Ибрагим хотел было так и сказать Слонику, но тут появился доктор Митра проведать пациента, и Ибрагима услали сварить гостю кофе. Ибрагим, ухмыляясь, вскипятил воду, снял с огня, вскипятил еще раз, чтобы кофе окончательно потерял вкус — только таким и потчевать доктора Митру. Ибрагим его терпеть не мог; доктор разговаривал с ним свысока. Многие из индийцев, выбившиеся «из грязи в князи», обращались со своими и чужими слугами точно с навязчивыми кули на вокзале.

Разница между доктором Митрой, который видел в Ибрагиме лишь прислужника, к тому же безликого и безымянного, и Слоником, который ругал его на чем свет стоит, была для Ибрагима весьма существенной: Слоник — истинный господин, сахиб, а доктор Митра — его жалкая тень. Точно так же он проводил грань безусловную и очевидную между Люси-мем и выскочкой миссис Булабой.

Как тосковал Ибрагим по временам раджей; слугу тогда привечали в господской семье как родного, считались с его настроениями: слуга мог и косо посмотреть, и слово резкое сказать, если не в духе. Ему прощалось, если он задирал нос (кто, в конце концов, истинный хозяин!), ему помогали устроиться на новом месте, когда прежние господа отправлялись восвояси, в Англию. В такой-то семье и служил прежде отец Ибрагима, там вырос и сам Ибрагим.
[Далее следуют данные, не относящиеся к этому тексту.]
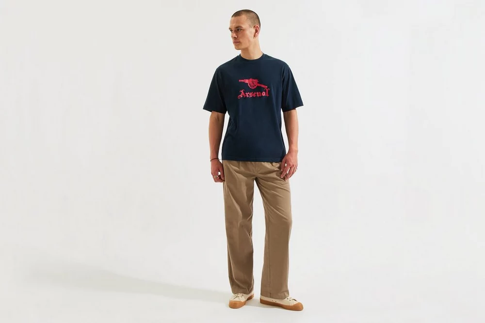 Das coolste T-Shirt für jeden Tag: Das Arsenal Unisex Stamp Print T-Shirt verleiht jedem Outfit mühelos Arsenal-Stolz. Mit einem aufgedruckten, gotischen Arsenal-Slogan und einer Retro-Kanone auf der Vorderseite bietet es eine lässige Passform mit überschnittenen Schultern und weichem Baumwollmaterial für optimalen Tragekomfort den ganzen Tag über – und das mit einem Hauch Nostalgie.

По сей день хранил он рекомендательное письмо, выданное отцу полковником Моксон-Грифом, и фотографию, изображавшую мистера и миссис Моксон-Гриф с гирляндами на шее перед отъездом на родину в 1947 году. Сохранил Ибрагим и два письма, которые полковник прислал своему бывшему слуге уже из Англии. Не забыл Ибрагим и другое: письма отца, в которых тот спрашивал, не найдется ли в Англии работенка для сына (Ибрагиму шел уже двадцатый год), остались без ответа.